Department of Mathematics, National Technical University of Athens, Zografou 15773, Athens, Greece, Greece

Received  February 2009 Revised  May 2009 Published  August 2009

In this paper, we give optimal self-dual codes over $GF(5)$ for lengths $24$, $40$, $48$ and $56$. In particular, new inequivalent $[48, 24]$ and $[56, 28]$ self-dual codes over $GF(5)$ whose minimum weights are $14$ and $16$, are constructed using skew-Hadamard matrices of order $24$ and $28$, thus improving the only known quadratic double circulant self-dual codes of length $48$ and $56$. Moreover, $[80, 40]$ and $[88, 44]$ self-dual codes whose minimum weights are $17$ and $19$ over $GF(5)$, are constructed for the first time.

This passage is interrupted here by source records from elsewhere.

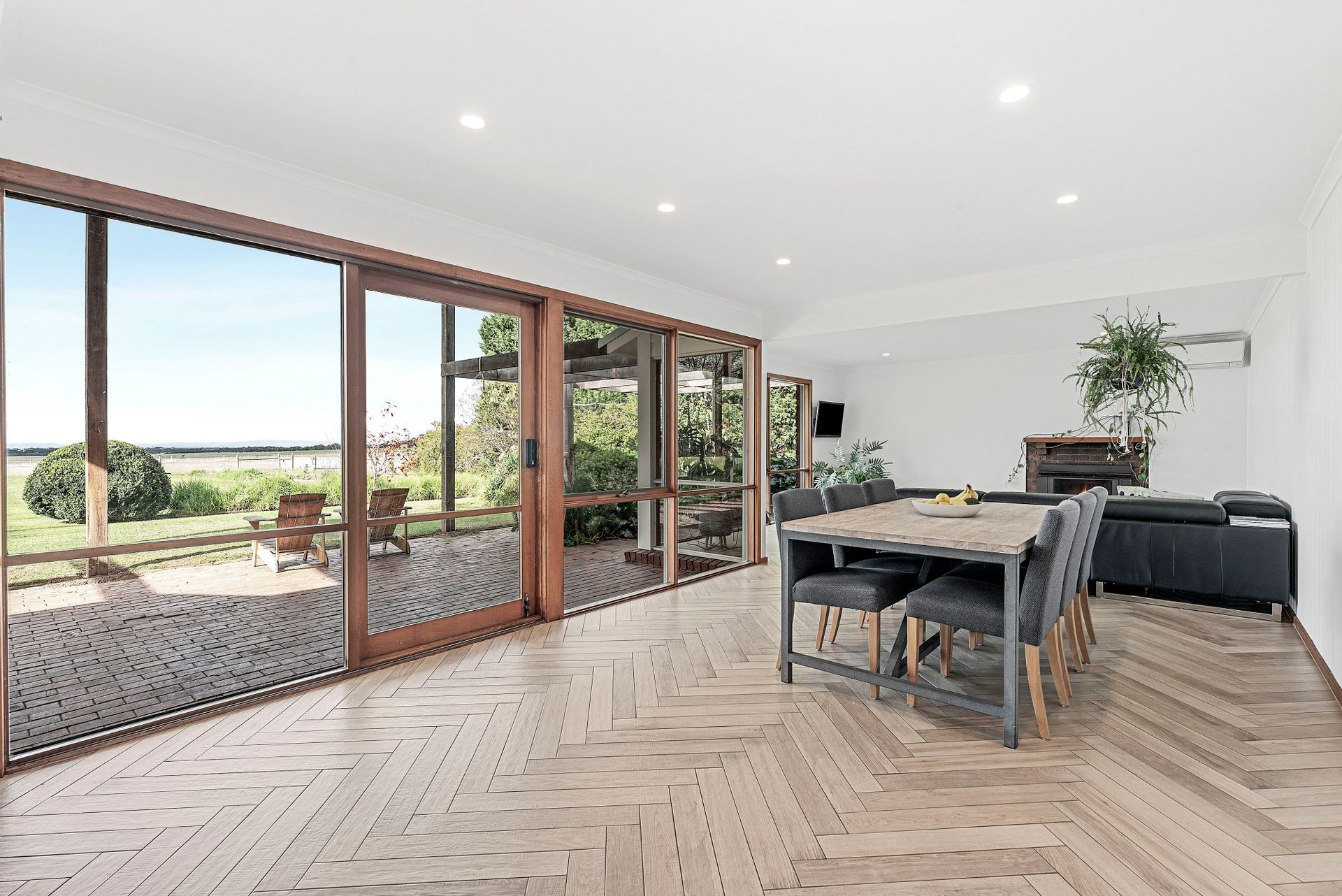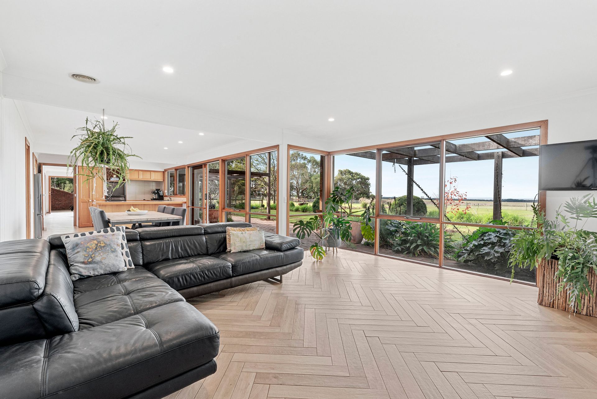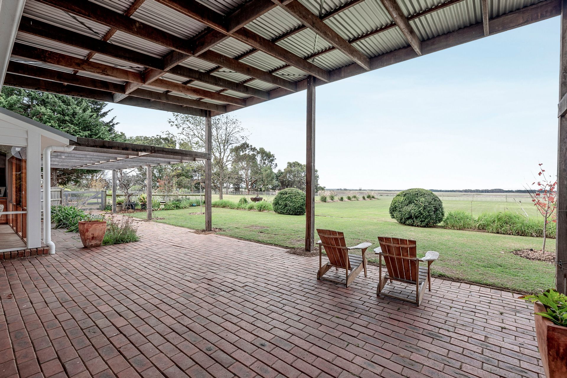 A sophisticated light interior colour pallet with Italian imported herringbone floor tiles radiate countryside chic in the lounge/living zone and provide an enviable space for those who love to entertain while looking out through opulent plantings and beyond to captivating water views. Large window doors canopied by exuberant ornamental grapes and wisteria open out onto a substantial forest redgum pergola and entertaining area.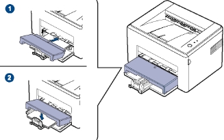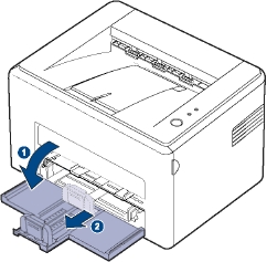 1. Возьмитесь за лоток подачи бумаги и потяните его на себя. Надавите на заднюю направляющую и вытяните ее, чтобы увеличить глубину лотка.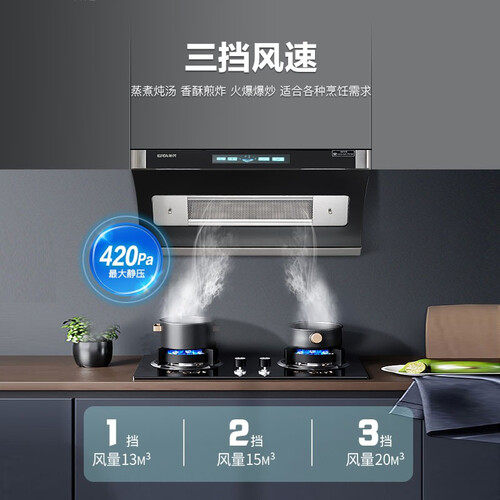 采用大直径的风轮,吸烟更加持久,让你肆意爆炒。选用核心的双电机,整体的寿命更长久。延时关机的设计,告别余烟萦绕。

These codes are derived from skew-Hadamard matrices of order $40$ and $44$, respectively. Finally, a new $[56, 28, 17]$ self-dual code is constructed over $GF(7)$ having the highest minimum weight among $[56, 28]$ self-dual codes. This new optimal code is constructed from a skew-Hadamard-matrix of order $28$, for the first time.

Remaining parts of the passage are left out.